One of the world's greatest mysteries has finally been solved.
There are a lot of snack foods people eat ritualistically. When I get a Twix bar I like to eat the caramel or peanut butter topping first and then the cookie wafer second. The cookie part is so delicious that I have to savor it by itself.
Some folks have a ritual with Reese's peanut butter cups where they eat the top layer of chocolate and then swipe out the peanut butter center with their tongue.
When it comes to Oreo cookies, few people eat the cookie all at once. Many prefer to deconstruct the cookie by twisting the black wafer sides and then licking out the creme off of each side. Part of the fun is attempting to twist the cookie and have an even amount of creme on each side of the wafer—a feat that is nearly impossible.
(Note: The white center of an Oreo cookie is made with what Nabisco refers to as “creme,” not cream because it isn’t made with any dairy.)
People have been perplexed for decades over why almost all of the creme always ends up sticking to one side of the separated cookie. The phenomenon is so mysterious that the brilliant minds at Massachusetts Institute of Technology (MIT) took up the monumental task of pursuing the answer.
“When I was little, I tried twisting wafers to split the cream evenly between the wafers so there’s some on both halves — which in my opinion tastes much better than having one wafer with a lot of creme and one with almost none. This was hard to do when I was trying it by hand,” Crystal Owens, lead author of a study published Tuesday in the journal American Institute of Physics and a researcher in mechanical engineering at MIT, said according to CBS Boston.
“There’s the fascinating problem of trying to get the creme to distribute evenly between the two wafers, which turns out to be really hard,” says Max Fan, an undergraduate in MIT’s Department of Mechanical Engineering.
To figure out why the creme always sticks to one side, researchers developed the Oreometer, a device that rotates and splits the cookie with an identical amount of torque on each wafer. Researchers found that the amount of torque needed to split a cookie was equivalent to the pressure needed to twist a doorknob.
The team subjected the cookies to standard rheology tests and found that the creme center almost always stuck to just one side of the cookie. The only time they could get the creme to be distributed evenly is when the box of cookies was older.
The researchers realized that the dominant wafer is determined when the cookie is manufactured.

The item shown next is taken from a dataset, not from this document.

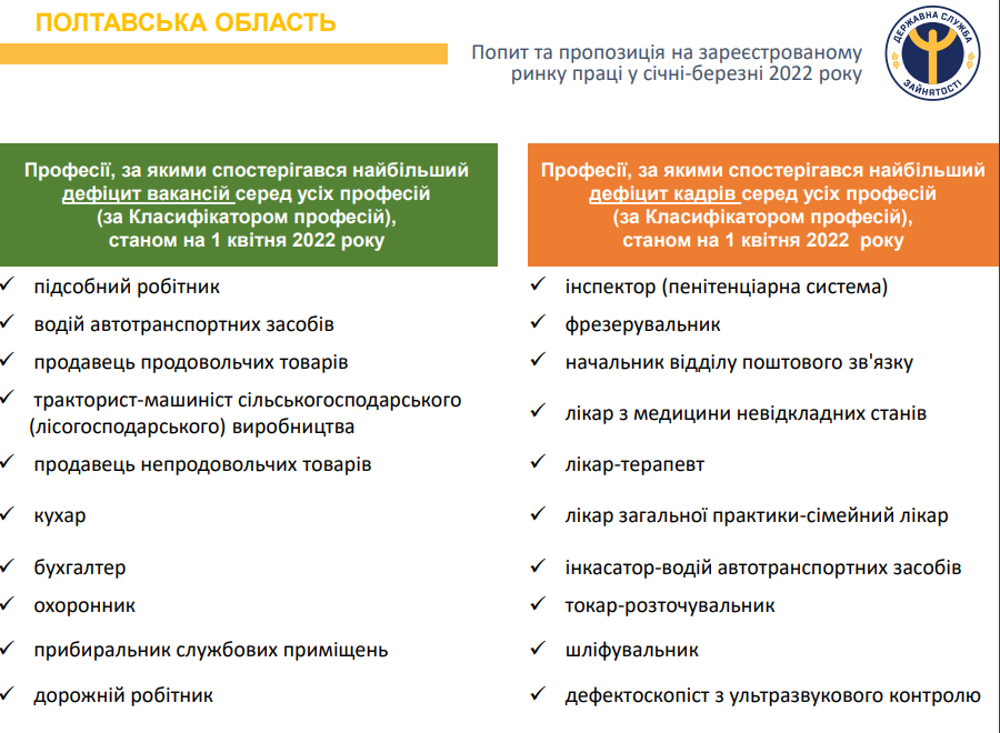 Водночас не вистачає кадрів: фрезерувальників, начальників відділів поштового зв'язку, лікарів медицини невідкладних станів, лікарів-терапевтів.
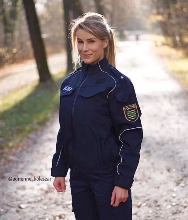 Adrienne Koleszar de 34 años se dio a conocer en todo el mundo a través de redes sociales por dos razones: primero, por ser una de las modelos más lindas del planeta y, segundo, por su vocación de servicio, la que pone en práctica a través de su cargo como oficial de policía del estado de Sajonia en Alemania.

“Videos of the manufacturing process show that they put the first wafer down, then dispense a ball of cream onto that wafer before putting the second wafer on top,” Owens said. “Apparently that little time delay may make the cream stick better to the first wafer.”
Mystery solved.
The good news is that if you‘ve been trying for years to master the perfect twist that results in evenly distributed creme and failed, you’re not the problem, it’s the cookie. The odds were stacked against you and you didn’t know it.